Idk if TKD in the US is a good example of a Mcdojo. The majority of US TKD by far is Kukki TKD, which very rarely claims to be anything other than sport. You cant really judge a system for not being good at something it doesnt really care about.

I believe SD and Step Sparring arent even a part of the Kukkiwons 1st Dan requirement. 

 World Culture Taekwondo Kukkiwon will make it 

Most Kukki schools are focused on WTF style tournaments. I've personally never seen one of these schools claim to be RBSD.

Labelling them a bad school over something they dont do, is like calling a boxing gym gym because their students got taken down and crushed in a barfight. Or saying a gyms wrestling program is crap because their wrestlers lose to boxers.


----------



## Mephisto (Mar 3, 2015)

Drose427 said:


> Idk if TKD in the US is a good example of a Mcdojo. The majority of US TKD by far is Kukki TKD, which very rarely claims to be anything other than sport. You cant really judge a system for not being good at something it doesnt really care about.
> 
> I believe SD and Step Sparring arent even a part of the Kukkiwons 1st Dan requirement.
> 
> ...


If you've been following the thread you'd see that I'm using "good" and "bad" in relation to self defense and fighting ability. Does someone who goes to a Kukki school looking for self defense and fighting ability get told that kukki is only about point sparring, and that they don't care about self defense?    Does that school claim to tech self defense? i don't see a problem with a school that only claims to teach point sparring, but I doubt theyre as up front about what they do as you are.


----------



## Tony Dismukes (Mar 3, 2015)

Drose427 said:


> Idk if TKD in the US is a good example of a Mcdojo. The majority of US TKD by far is Kukki TKD, which very rarely claims to be anything other than sport. You cant really judge a system for not being good at something it doesnt really care about.



Interesting point. I just went and googled a whole bunch of random TKD studios to see what they were advertising as their benefits.

At least half mentioned self-defense, but usually just in passing. Some mentioned sport competition, but that wasn't a huge emphasis either.

The most common claims (and the most emphasized) were that TKD builds confidence, fitness, character, discipline, leadership, etc. It seems to be marketed primarily as a method for physical and mental self-development and as a fun family activity. If that's what they are selling, I guess I'm not going to judge them too harshly for not building great fighters.


----------



## Drose427 (Mar 3, 2015)

Mephisto said:


> If you've been following the thread you'd see that I'm using "good" and "bad" in relation to self defense and fighting ability. Does someone who goes to a Kukki school looking for self defense and fighting ability get told that kukki is only about point sparring, and that they don't care about self defense?    Does that school claim to tech self defense? i don't see a problem with a school that only claims to teach point sparring, but I doubt theyre as up front about what they do as you are.
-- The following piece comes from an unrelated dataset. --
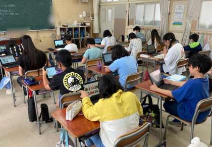 社会科「あたたかい土地のくらし」で学習した沖縄県について、伝統的な文化のまとめをしています。タブレット端末を使って調べたことをノートにまとめました。

They usually are, considering many schools dont teach any SD anyone watching a class would see that. These schools aren't using RBSD as a marketing tool like many other MA's both good and bad do. It's hard to claim you teach RBSD to someone who observed a class where you focused on forms and sparring. 

Obviously, there are instructors who bring in SD stuff and teach it, but its hardly the main marketing point.

Kukki Tae Kwon Do School

What is Taekwondo

World Taekwondo Headquarters

None of these place really talk about it as RSBD, but these are all Olympic Competition focused.



Tony Dismukes said:


> Interesting point. I just went and googled a whole bunch of random TKD studios to see what they were advertising as their benefits.
> 
> At least half mentioned self-defense, but usually just in passing. Some mentioned sport competition, but that wasn't a huge emphasis either.
> 
> The most common claims (and the most emphasized) were that TKD builds confidence, fitness, character, discipline, leadership, etc. It seems to be marketed primarily as a method for physical and mental self-development and as a fun family activity. If that's what they are selling, I guess I'm not going to judge them too harshly for not building great fighters.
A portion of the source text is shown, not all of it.